Investing.com - Die letzten Tage haben den US-Bankensektor (NASDAQ:KBWB) ordentlich durchgeschüttelt. Der Kollaps der SVB (NASDAQ:SIVB) hat für heftige Turbulenzen gesorgt und die Märkte haben ihre Zinserwartungen in Windeseile angepasst. Während noch vor wenigen Tagen Zinserhöhungen als wahrscheinlich galten, wurden zum Wochenauftakt bereits wieder Zinssenkungen diskutiert. Doch wie realistisch ist ein derartiges Szenario tatsächlich? Und welche Faktoren müssen erfüllt sein, damit die Fed tatsächlich eine Senkung beschließt? Mit diesen Fragen hat sich nun Jim Reid, Research-Stratege bei der Deutschen Bank (ETR:DBKGn), beschäftigt:
Zu einem bestimmten Zeitpunkt gestern preisten die Futures-Märkte drei Zinssenkungen der Fed um jeweils 25 Basispunkte im Jahr 2023 ein. Bis heute Morgen hat der Markt einen Großteil davon wieder ausgepreist. Der Verbraucherpreisindex hat dem ganzen Prozess noch einen zusätzlichen Schub gegeben.
Die Dinge können sich rasend schnell ändern, wie wir gesehen haben, aber wie realistisch sind baldige Senkungen angesichts der derzeitigen wirtschaftlichen Bedingungen?
Um das zu beantworten, haben wir uns angeschaut, wo die Kerninflation und die Arbeitslosigkeit in den USA zum Zeitpunkt der ersten Zinssenkung in jedem Zyklus der letzten 70 Jahre lagen.
Die Fed hat schon einmal die Zinssätze gesenkt, als die Kernrate der Verbraucherpreise über dem aktuellen Niveau lag, allerdings nur in den 1970er/Anfang der 1980er Jahre. Jedoch hat sie die Zinsen noch nie gesenkt, wenn die Arbeitslosigkeit so niedrig ist, wie derzeit. Zusammengenommen wäre das also ein extremer Zeitpunkt für den Beginn eines Zinssenkungszyklus, es sei denn, diese beiden Variablen ändern sich.
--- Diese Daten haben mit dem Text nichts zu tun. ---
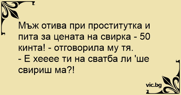 Мъж отива при пpoctиtуtka и пита за цената на cbиpka - 50 кинта! - отговорила му тя.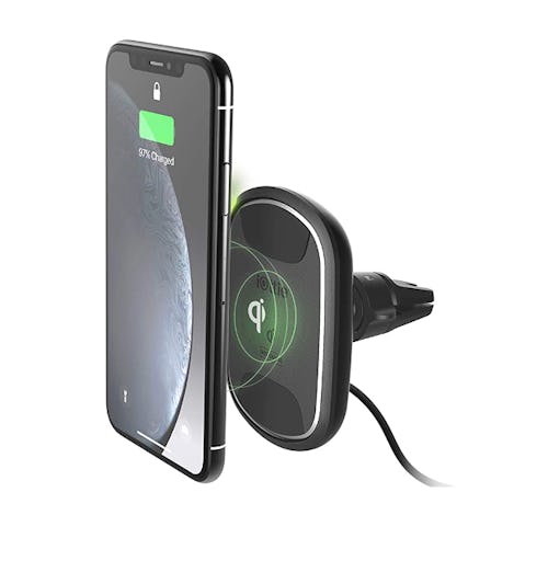 One reviewer writes that this magnetic charger "mounts easily to the vent, the magnets hold the phone well and the charging works great." All you have to do is clip it to your car's vents and plug in the micro USB adaptor. Your phone sticks to the magnet to keep it in place while it's charging at the same time.

Zugegeben, wir gehen seit langem von einer Rezession in den USA im zweiten Halbjahr 2023 aus. Dass die Fed dann die Zinsen senken wird, leuchtet ein, denn zu diesem Zeitpunkt dürfte die Arbeitslosigkeit steigen und die Inflation zurückgegangen sein.
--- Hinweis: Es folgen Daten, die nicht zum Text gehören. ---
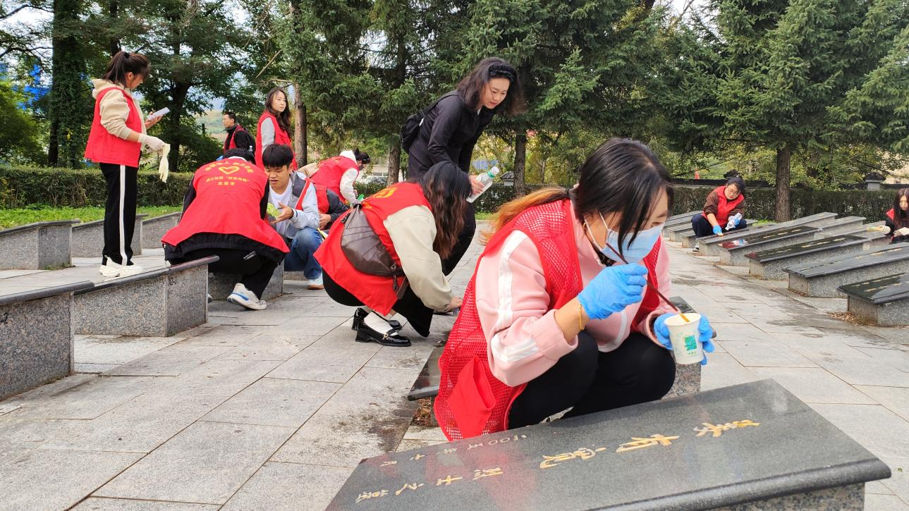 隨后,志愿者們分組展開工作。有人輕拭碑面積塵,有人執描金筆細心勾勒。金漆緩緩填充歲月痕跡,原本斑駁的碑文逐漸清晰,于日光下熠熠生輝。其間,一組外地游客行經陵園,為志愿者們的虔誠舉動吸引。他們駐足良久,細致觀摩描金過程,并與志愿者交流歷史感悟,孩子專注凝視筆尖流轉,家長則低聲講述英烈故事,現場呈現出一幅生動而深刻的紅色教育畫卷。 秋陽傾灑于四保臨江烈士陵園,三十余雙手執筆握布,俯身于青石碑前。筆鋒過處,金漆流轉,歲月模糊的英名重耀光芒;布帛拂過,塵泥盡去,歷史深鐫的豐碑再煥新顏。志愿者們整理工具,凝視墓碑上新描的金漆,一道道金光,猶如穿越時空的橋梁,連接著往昔崢嶸與今朝安寧,無聲訴說著歷史的重量與傳承的溫度。于此四保臨江戰役勝利78周年的特殊時刻,臨江市志愿者們以金漆與汗水,書寫了對革命先輩最深切的緬懷與最崇高的敬意。四保臨江烈士陵園莊嚴肅穆的氛圍,仿佛在告訴今天的人們:歷史不會被遺忘,精神永遠在傳承。 初審:郭小宇 復審:韓鐵英 終審:曹夢南 |

Mit der Abbildung soll daher vielmehr zum Ausdruck gebracht werden, dass wir wohl zunächst einmal handfeste Indizien dafür brauchen, dass die Arbeitslosenquote gedreht hat oder zumindest kurz davor steht, oder dass die Inflation in der Nähe des Zielwerts liegt, bevor wir über Zinssenkungen sprechen können. Natürlich könnten die Marktturbulenzen in den nächsten 5 bis 6 Tagen vor der FOMC-Sitzung die Fed davon überzeugen, dass dies bald der Fall sein wird, aber das Schaubild macht deutlich, in welchem Makro-Dilemma sich die Fed befindet.